Using scipy's interpolate.splprep function get a parametric spline on parameter u , but the domain of u is not the line integral of the spline, it is a piecewise linear connection of the input coordinates. 使用SciPy的的interpolate.splprep功能得到参数参数样条u ，但域u是不是花的线积分，这是输入的分段线性连接坐标。 I've tried integrate.splint , but that just gives the individual integrals over u . 我试过integrate.splint ，但只是给个人积分超过u 。 Obviously, I can numerically integrate a bunch of Cartesian differential distances, but I was wondering if there was closed-form method for getting the length of a spline or spline segment (using scipy or numpy) that I was overlooking. 显然，我可以数字地整合一堆笛卡尔差分距离，但我想知道是否有闭合形式的方法来获得我忽略的样条或样条线段（使用scipy或numpy）的长度。

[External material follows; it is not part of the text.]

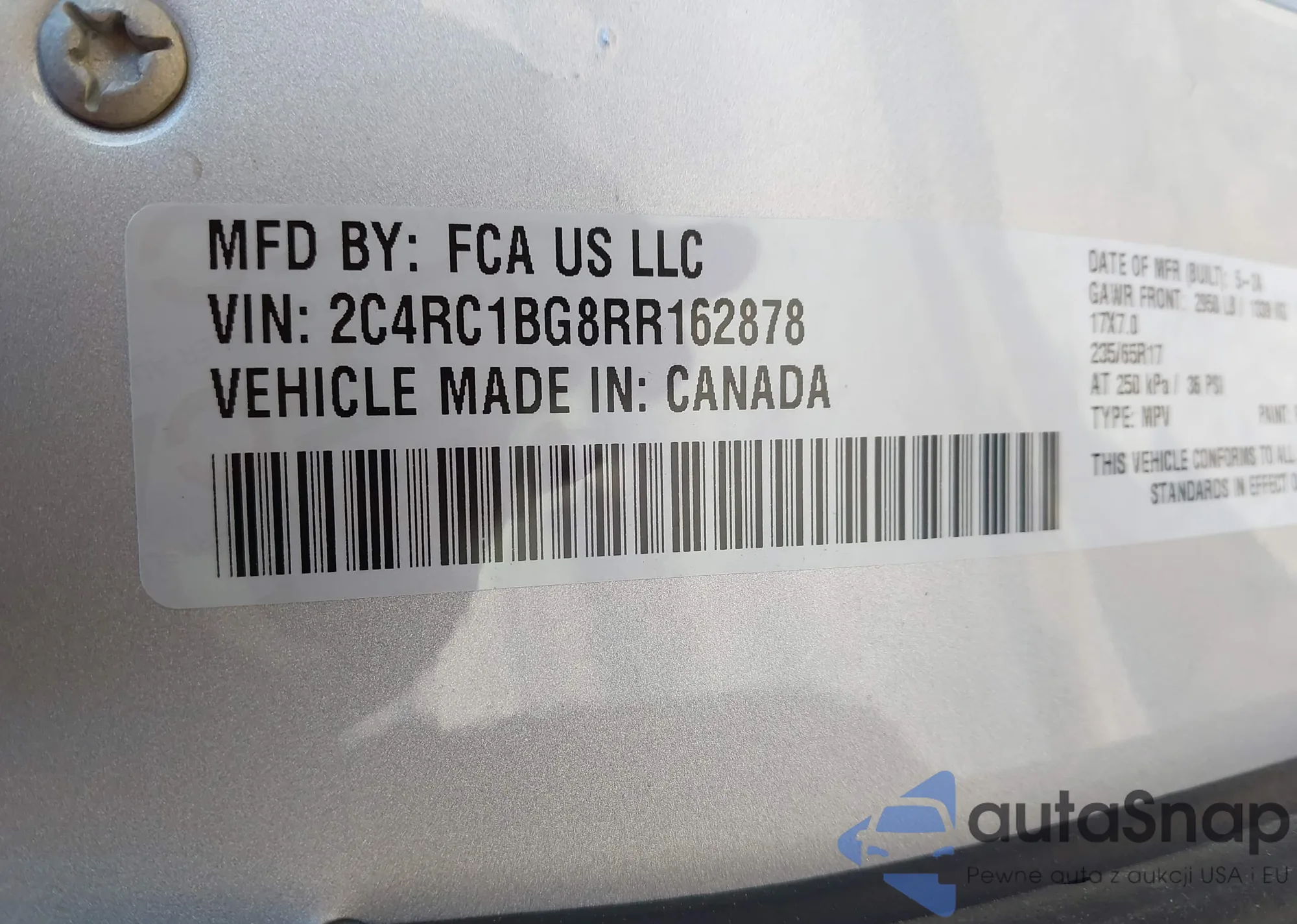 • VIN 2C4RC1BG8RR162878

Edit: I am looking for a closed-form solution or a very fast way to converge to a machine-precision answer. 编辑：我正在寻找一种封闭形式的解决方案或一种非常快速的方式来收敛机器精度答案。 I have all but given up on the numerical root-finding methods and am now primarily after a closed-form answer. 我几乎放弃了数字根寻找方法，现在主要是在一个封闭形式的答案之后。 If anyone has any experience integrating elliptical functions or can point me to a good resource (other than Wolfram), That would be great. 如果任何人有任何集成椭圆函数的经验或者可以指向一个好的资源（除了Wolfram），那就太好了。

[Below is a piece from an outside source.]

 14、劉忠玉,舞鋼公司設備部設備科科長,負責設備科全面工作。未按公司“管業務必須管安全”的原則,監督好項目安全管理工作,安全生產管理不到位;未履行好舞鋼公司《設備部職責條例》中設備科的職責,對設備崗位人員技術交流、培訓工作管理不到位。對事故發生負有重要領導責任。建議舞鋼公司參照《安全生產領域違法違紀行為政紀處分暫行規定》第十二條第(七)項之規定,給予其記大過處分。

I'm going to try Maxima to try to get the indefinite integral of what I believe is the function for one segment of the spline: I cross-posted this on MathOverflow 我将尝试使用Maxima来尝试获得我认为是样条曲线的一个段的函数的无限积分：我在MathOverflow上交叉发布了它

2 个解决方案

Because both x & y are cubic parametric functions, there isn't a closed solution in terms of simple functions. 因为x和y都是立方参数函数，所以在简单函数方面没有封闭的解决方案。 Numerical integration is the way to go. 数值整合是要走的路。 Either integrating the arc length expression or simply adding line segment lengths - depends on the accuracy you are after and how much effort you want to exert. 集成弧长表达式或简单地添加线段长度 - 取决于您所追求的准确性以及您想要施加多少努力。

An accurate and fast "Adding length of line segments" method: 准确快速的“添加线段长度”方法：

Using recurvise subdivision (a form of de Casteljeau's algorithm) to generate points, can give you a highly accurate representation with minimal number of points. 使用recurvise细分（de Casteljeau算法的一种形式）生成点，可以用最少的点数为您提供高度精确的表示。 Only subdivide subdivisions if they fail to meet a criteria. 如果它们不符合标准，则仅细分细分。 Usually the criteria is based on the length joining the control points (the hull or cage). 通常，标准基于连接控制点（船体或笼子）的长度。 For cubic, usually comparing closeness of P0P1+P1P2+P2P3 to P0P3, where P0, P1, P2 & P3 are the control points that define your bezier. 对于立方，通常比较P0P1 + P1P2 + P2P3与P0P3的接近程度，其中P0，P1，P2和P3是定义贝塞尔曲线的控制点。

You can find some Delphi code here: link text 你可以在这里找到一些Delphi代码：链接文本

It should be relatively easy to convert to Python. 转换为Python应该相对容易。 It will generate the points. 它会产生积分。 The code already calculates the length of the segments in order to test the criteria. 代码已经计算了段的长度以测试标准。 You can simply accumulate those length values along the way. 您可以在此过程中简单地累积这些长度值。

You can integrate the function sqrt(x'(u)**2+y'(u)**2) over u , where you calculate the derivatives x' and y' of your coordinates with scipy.interpolate.splev . 您可以将函数sqrt(x'(u)**2+y'(u)**2)集成到u ，您可以使用scipy.interpolate.splev计算坐标的导数x'和y' 。 The integration can be done with one of the routines from scipy.integrate ( quad is precise [Clenshaw-Curtis], romberg is generally faster). 可以使用scipy.integrate中的一个例程完成集成（ quad精确[Clenshaw-Curtis]， romberg通常更快）。 This should be more precise, and probably faster than adding up lots of small distances (which is equivalent to integrating with the rectangle rule). 这应该更精确，并且可能比添加大量小距离更快（这相当于与矩形规则集成）。